§ Assignment
Could you copy exactly the lines below, beginning at the line with "Some of the" and stopping after the line with "for family gatherings.", with no pictures?

§ Given information
= Beginning of Section =
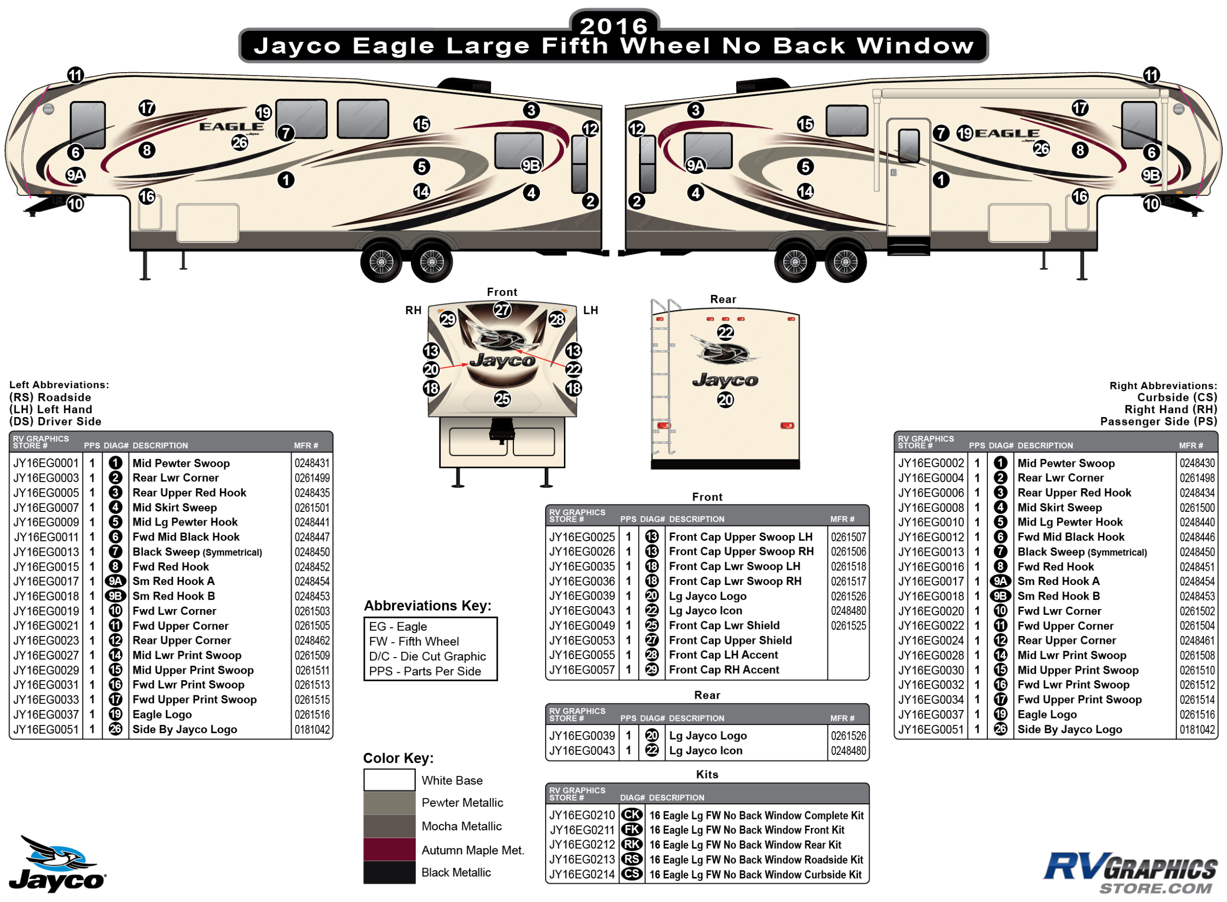 19 Piece 2016 Eagle Fifth Wheel No Rear Window Roadside Graphics Kit
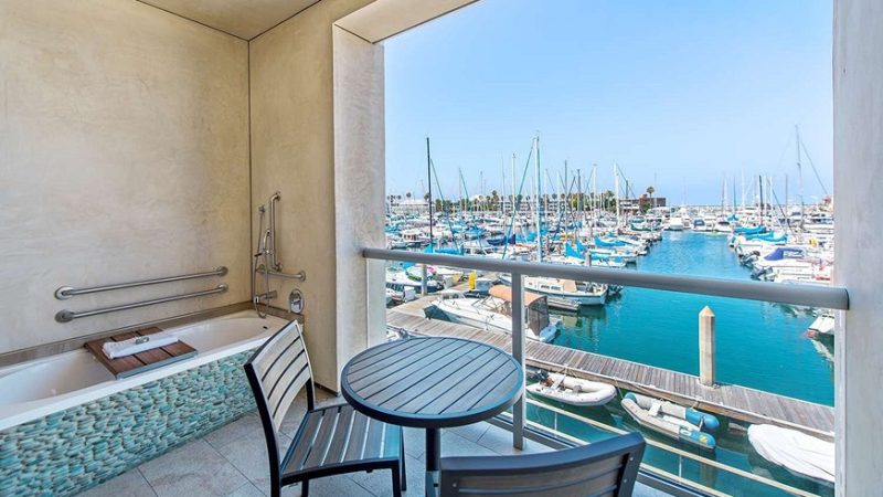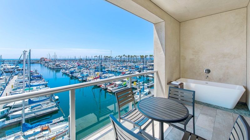 Some of the best oceanfront hotels with spa tubs in room in Los Angeles are Surf City Inn, The Portofino Hotel & Marina, and Hotel Hermosa.
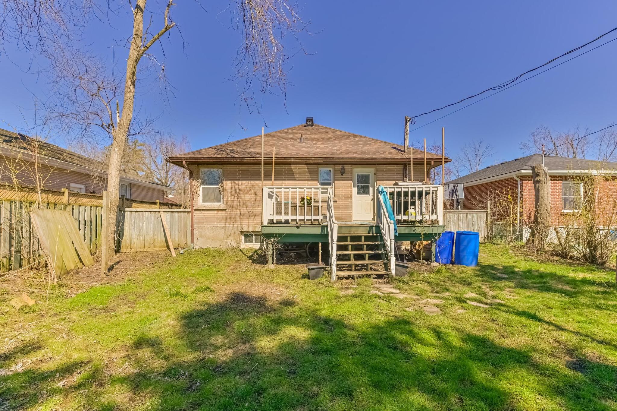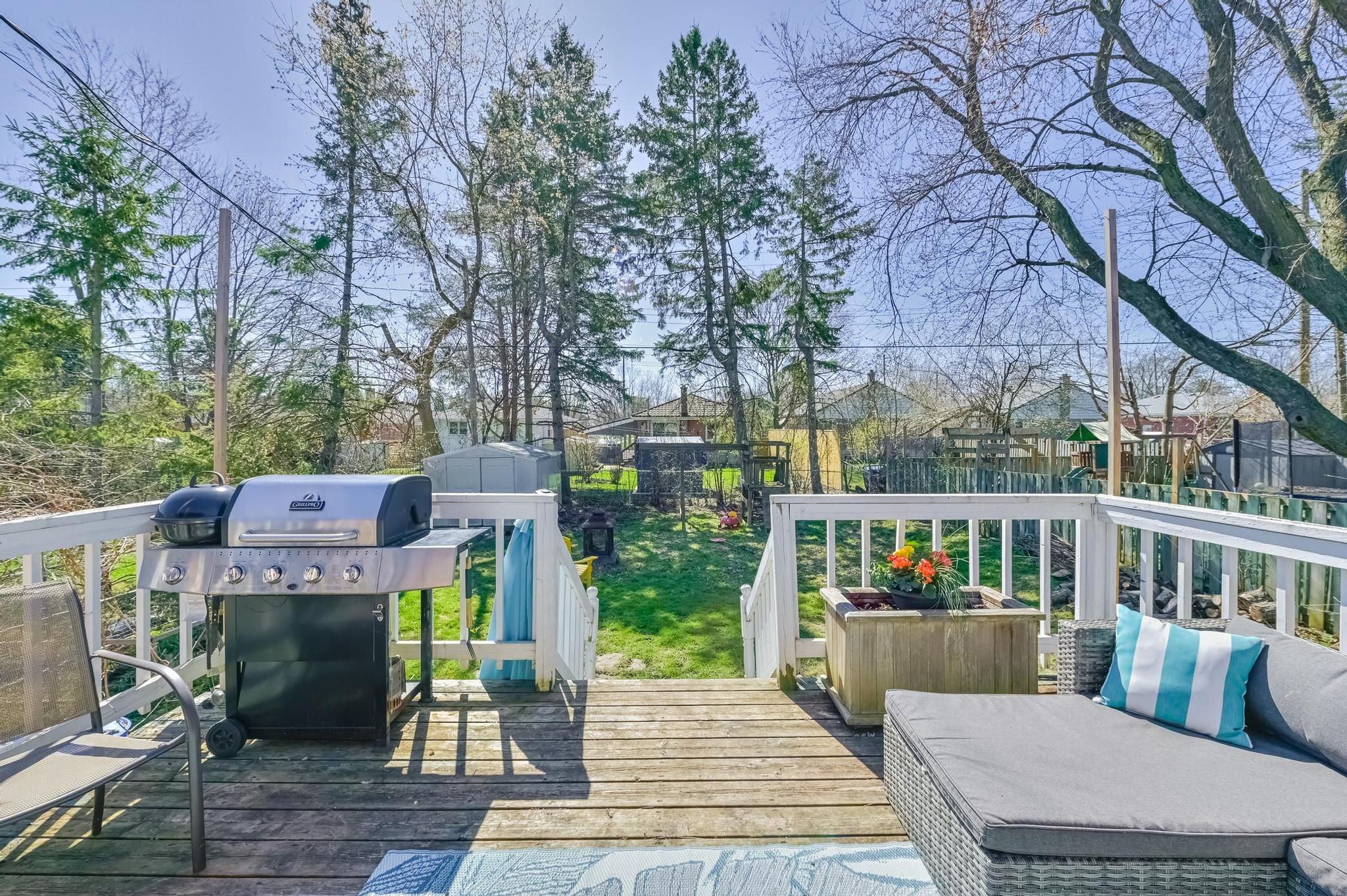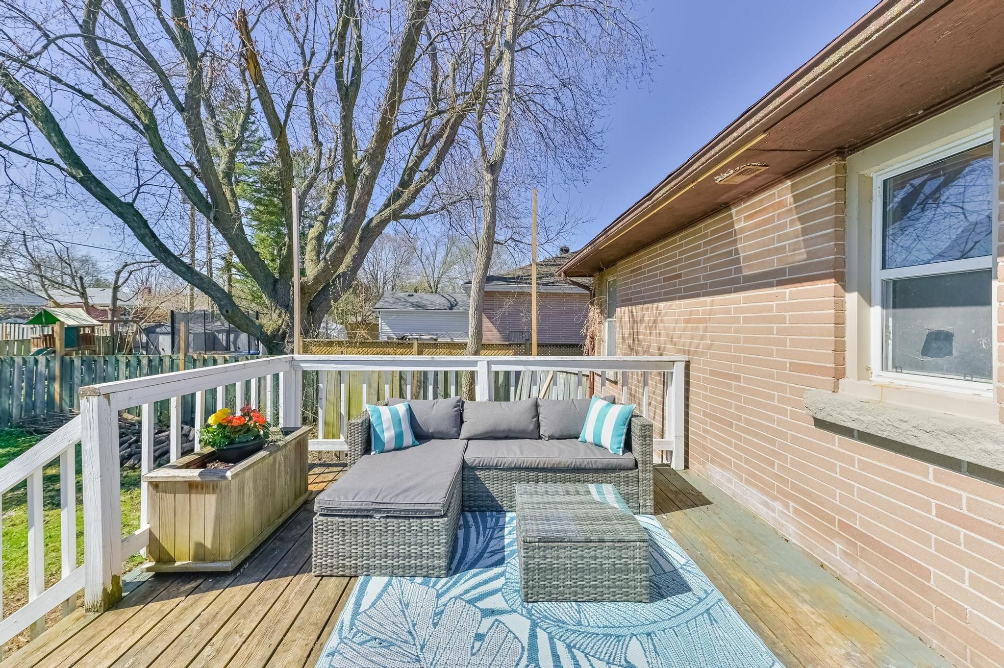 • Large fenced backyard with deck, perfect for family gatherings.
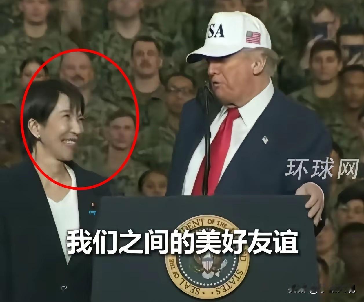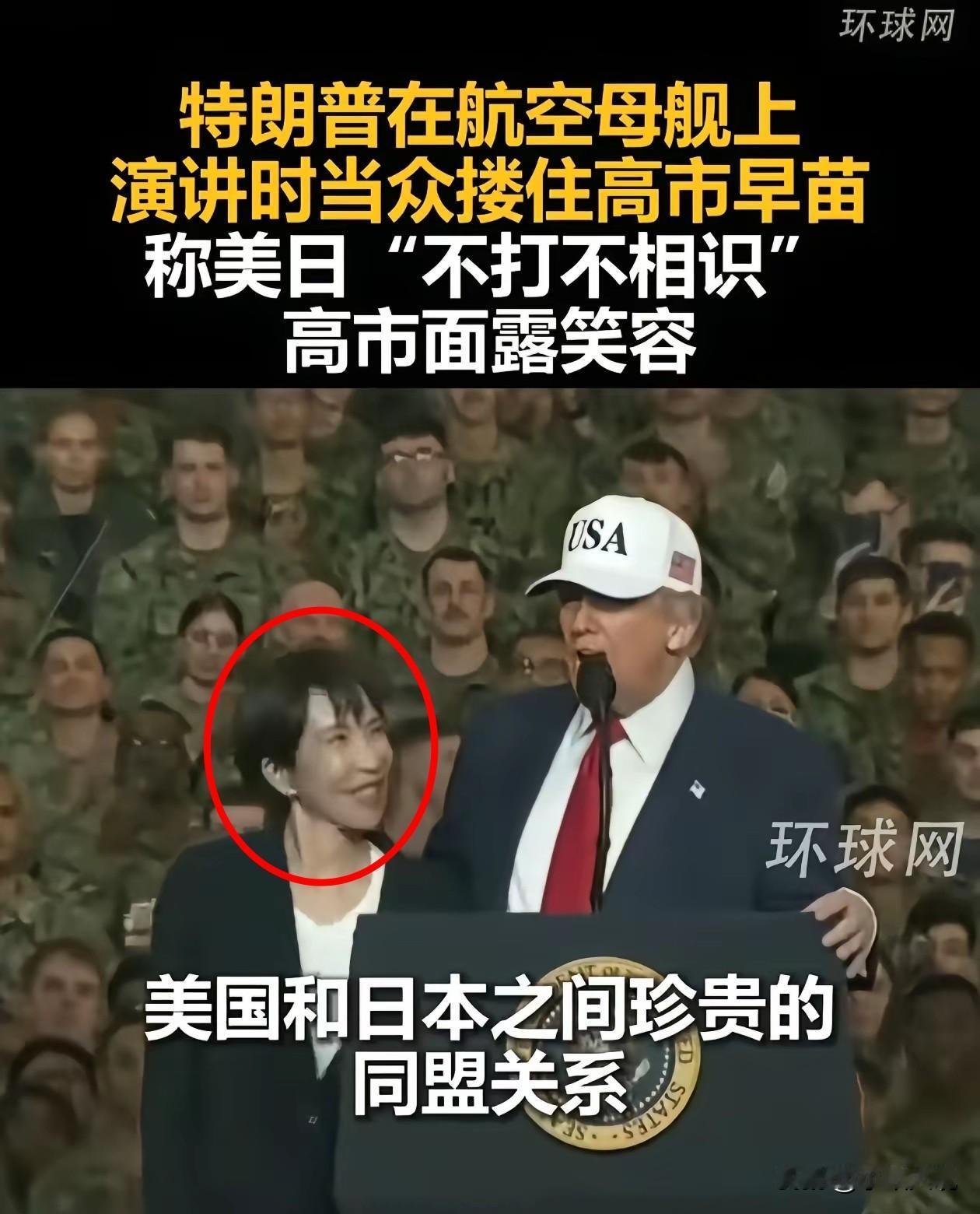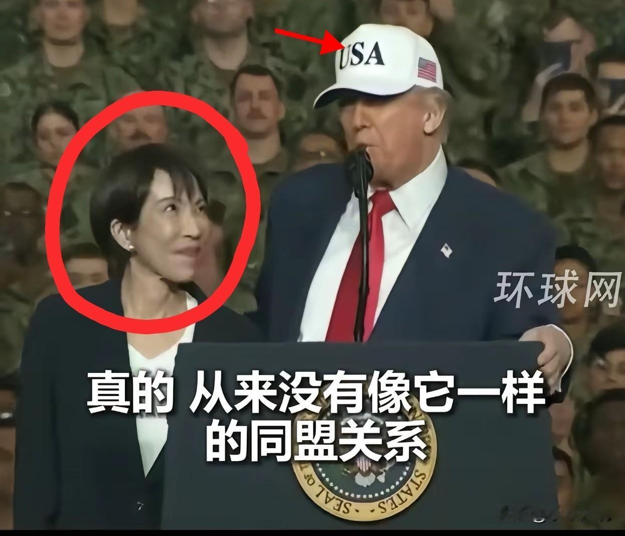 日本第一个女首相高市早苗,见到特朗普跟个小迷妹似的,眼睛就没离开过特朗普,笑的那叫一个使劲,生怕别人不知道他多想跟人套近乎。 在看特朗普脑袋上扣着顶“USA”的帽子,这三个字母可不是随便印的是“United States of America”的缩写,面部表情带着他一贯的风格,仿佛在这场互动中占据着绝对的主导地位,神态里透着一种强烈的掌控感。 这俩人的互动,看着就挺有意思,一个使劲凑近乎,一个满脸都是我“罩着你”的派头,一方拼命想抱大腿,另一方则觉得自己是大哥。
= End of Section =
§ Written reply
 Some of the best oceanfront hotels with spa tubs in room in Los Angeles are Surf City Inn, The Portofino Hotel & Marina, and Hotel Hermosa.
 • Large fenced backyard with deck, perfect for family gatherings.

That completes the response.